US 10-year note yields have recently traded higher, reaching 4.62 per cent, gradually rising from the April 4 low of 3.9 per cent due to a combination of Japan’s bond sales and the Fed’s politically motivated ‘wait-and-see’ narratives. The ‘uncertainty’ comments in the May 6-7 Fed policy minutes have tempered expectations for necessary rate cuts, despite Citibank’s consumer uncertainty index being lower than before the presidential elections, when the Fed cut rates by 50 basis points.

During Janet Yellen’s tenure as Biden’s US Treasury secretary, her most grotesque policy failure was to refinance our massive debt by buying shorter-dated bills and notes (chart above) instead of 10-year notes, which Yellen could have purchased below 1 per cent. Yellen’s refinancing mistake will cost US taxpayers between $500billion and $800billion.
The Federal Reserve has shifted public attention to an unquantifiable ‘uncertainty’ about Trump’s tariffs, which have not yet taken effect and may never happen. However, the Fed has overlooked mentioning how both Fed chairs’, Bernanke and Yellen’s, zero percent interest rate policies contributed to the trillions in outstanding non-performing debt in commercial and residential real estate, non-recourse loans, BBB, and high-yield bonds. Higher interest rates will increase credit events, including bond defaults and corporate bankruptcies.
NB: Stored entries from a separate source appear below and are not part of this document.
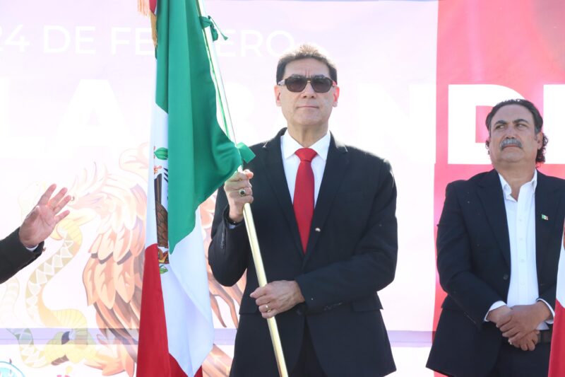 Nogales, Sonora; 24 de febrero de 2026.– En el marco del Día de la Bandera, el alcalde Juan Francisco Gim Nogales presidió la ceremonia de abanderamiento de 14 escoltas, pertenecientes a igual número de escuelas de nivel primaria, secundaria y preparatoria.
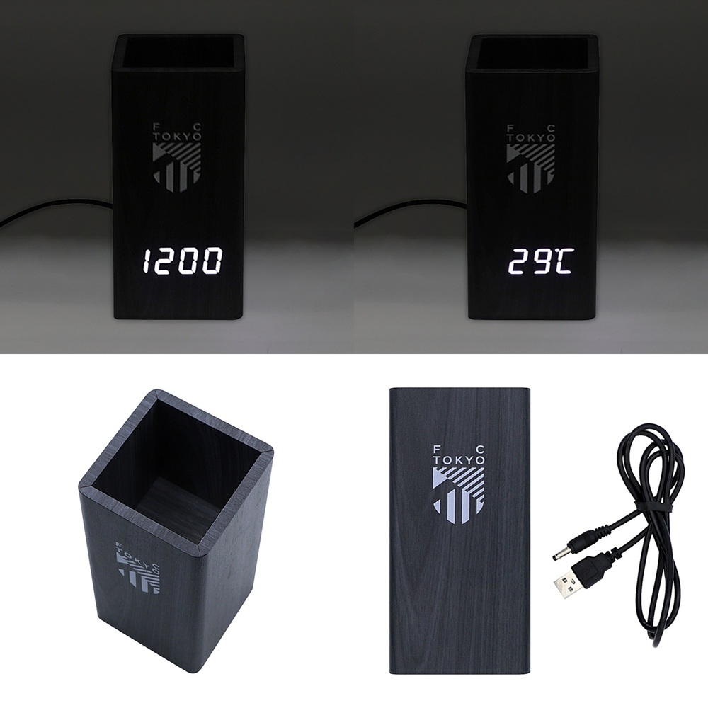 这是一款时尚的木制LED时钟,集笔筒和数字时钟于一体的实用物品。可以在整理桌面文具的同时管理时间,非常适合办公室或家庭使用。
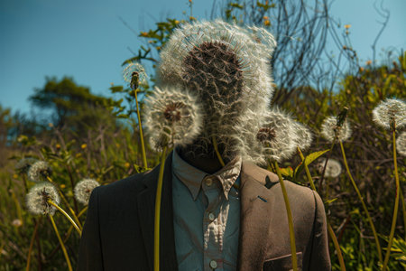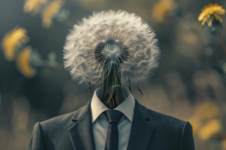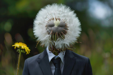 Artistic image of a businessman with a dandelion head symbolizing nature and corporate life blend
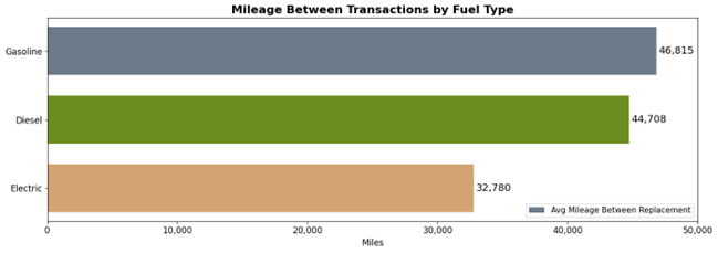 Fuel type adds another layer. Among the three primary vehicle propulsion types , gasoline-powered vehicles average 46,815 miles between tire replacements, with diesel vehicles close behind at 44,708 miles, a difference of roughly 2,100 miles that reflects the heavier load profiles of diesel-operated vehicles. Electric vehicles, however, tell a notably different story at 32,780 average miles, approximately 30% shorter intervals than their gasoline counterparts. This gap is driven by a combination of factors unique to EVs. The instant torque delivery of electric motors places higher shear stress on tires during acceleration, while the greater vehicle weight from battery packs increases the load carried by each tire contact patch. In addition, EV tires are often engineered for low rolling resistance, which can reduce tread volume and increase wear rates relative to standard all-season tires. For fleets with a growing EV presence, this means tire budgets and rotation schedules calibrated for internal combustion vehicles may systematically underestimate the service needs of electric assets. Understanding fuel type composition at the fleet level creates more accurate tire life benchmarks and more realistic cost expectations going forward.
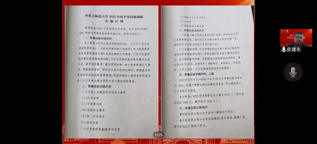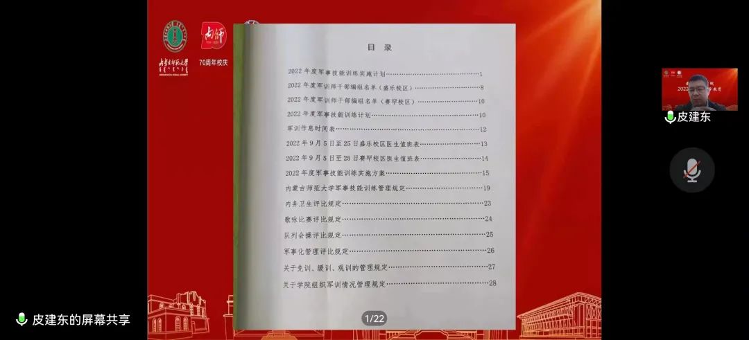 9月6日上午7:30,PA电竞于线上举办2022年度员工军事技能训练动员大会。公司员工思想政治工作辅导员刘沙沙老师主持此次会议,PA电竞党委副书记、副经理季建光老师、公司团总支书记皮建东老师参加此次会议。
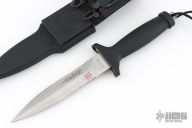 This is a Gerber TAC II Military Survival Knife with the locking sheath. The blade is double edged and double serrated. Blade is .149" thick and 1.135" in depth. Blackie Collins is the designer. The handles on TAC IIs are molded Zytel, full-hidden-tang. Comes with original locking sheath. Serial #A098332. Excellent Condition.

Politics have driven the Fed’s most recent ‘wait-and-see’ policy. The recent ‘Fed speak’ and the 70-basis point interest rate increase will strain refinancing, limit growth, and undermine the economy’s main driver—consumer demand.
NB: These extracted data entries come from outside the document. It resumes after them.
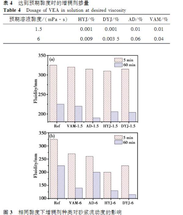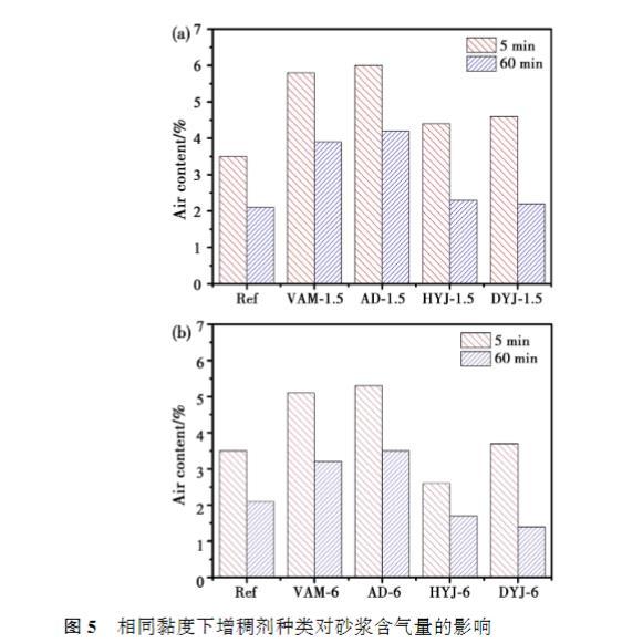 增稠劑溶液的黏度越高,砂漿的流動度越低。在較低黏度下,四種增稠劑對砂漿初始流動度的影響接近,60min時,AD的經(jīng)時流動度最低,VAM流動度相對于基準砂漿略微下降;然而當溶液黏度提高至6mPa·s時,摻入HYJ和DYJ的砂漿流動度顯著低于AD和VAM,60min后的損失也更大,AD的經(jīng)時流動度略低于基準砂漿。
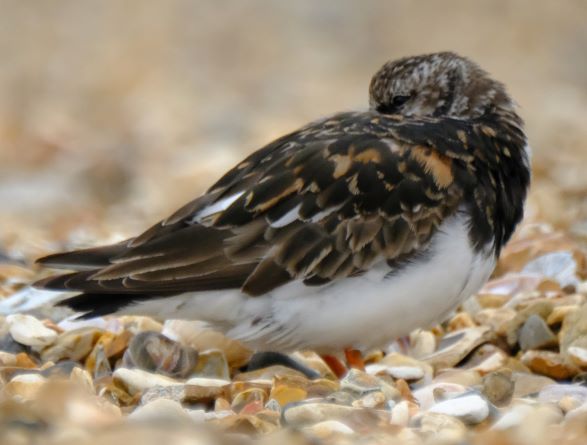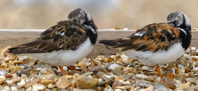 Turnstone on Meon Shore – The numbers of these little birds are increasing on our shores as they return from their arctic breeding ground to winter but they are present for most of the year in the UK as the non-breeding birds often stay through the summer. Birds from Northern Europe pass through in July and August and again in spring. Canadian and Greenland birds arrive in August and September and remain until April and May. Known in other countries as Ruddy Turnstone the “Ruddy” has been dropped here. Their colours are more muted in nonbreeding plumage. In the picture below the bird on the right shows breeding colours, the bird on the left colours has started to mute.
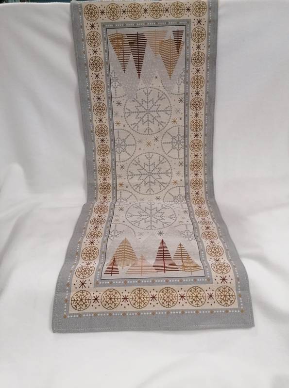 - Gobelínový ubrus chenille - Vánoční stromy šedé 40 x 100 cm
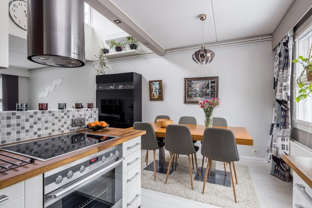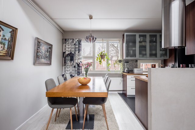 Keittiön ajattomat kaapistot ja työtasot antavat sopivasti säilytys- ja laskutilaa sekä hyvin suunniteltu tila ruokailulle tekee tilasta käytännöllisen.
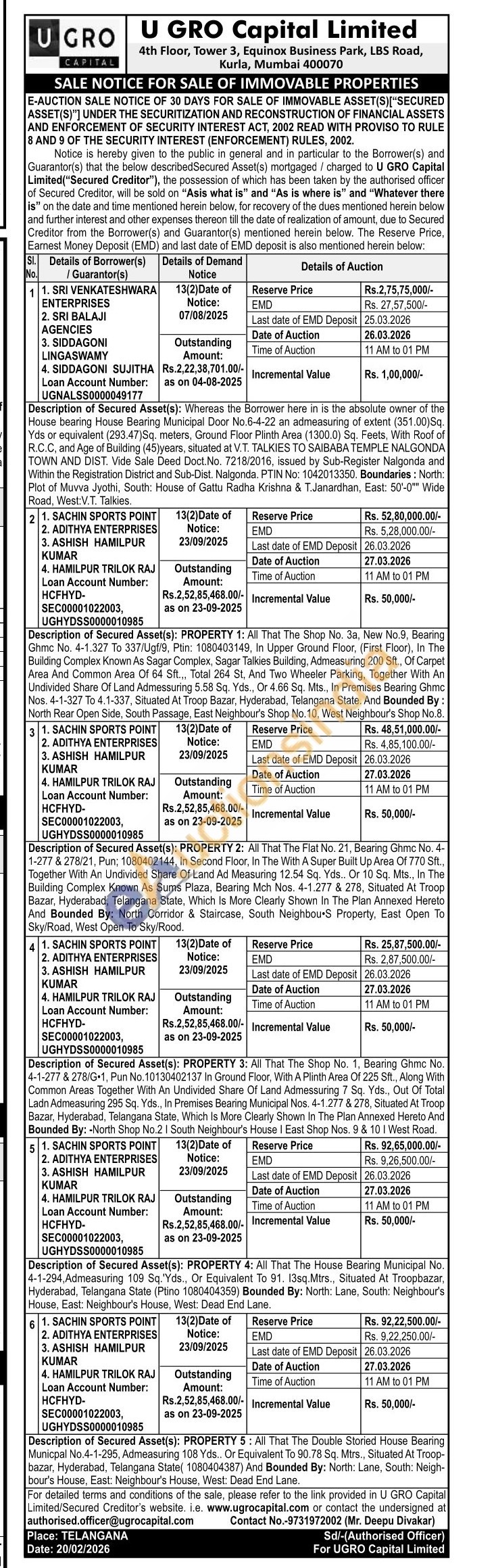 Description of Secured Asset(s): Whereas the Borrower here in is the absolute owner of the House bearing House Bearing Municipal Door No.6-4-22 an admeasuring of extent (351.00)Sq. Yds or equivalent (293.47)Sq. meters, Ground Floor Plinth Area (1300.0) Sq. Feets, With Roof of R.C.C, and Age of Building (45)years, situated at V.T. TALKIES TO SAIBABA TEMPLE NALGONDA TOWN AND DIST. Vide Sale Deed Doct.No. 7218/2016, issued by Sub-Register Nalgonda and Within the Registration District and Sub-Dist. Nalgonda. PTIN No: 1042013350. Boundaries: North: Plot of Muvva Jyothi, South: House of Gattu Radha Krishna & T.Janardhan, East: 50'-0"" Wide Road, West:V.T. Talkies
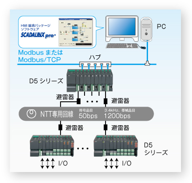 複数の子局をパソコンで集中監視、データ収集します。 |

US stock markets are experiencing significant volatility and irrational exuberance. In April 2025, stock market capitalisations declined by over $5.5trillion from their record highs.
Since then, market caps and stocks have surged, especially following Wednesday’s:
1) Lawfare: A three-judge panel ruled that Trump overstepped his authority by imposing sweeping tariffs, cancelling President Trump’s tariffs, and ordering that the tariffs must be refunded.
2) Nvidia earnings, with Nvidia’s market cap nearing $4trillion (more than the annual GDP of both Germany and Japan), are once again booming toward stratospheric, unsustainable valuations, particularly among the magnificent seven tech stocks. Stocks are a sell on this news!
When markets fluctuate wildly, as we have seen since January, it serves as a warning—an extraordinary SELL signal indicating that something is seriously broken.
Meanwhile, the dishonest media will blame Trump; all facts, evidence, and data point to the Fed and BoJ’s decade-plus of misguided policies that have generated excessive debt, credit, and leverage. Beware, the big fat technology bubble is on the verge of bursting. Sell stocks now, as there will soon be other opportunities to create generational wealth.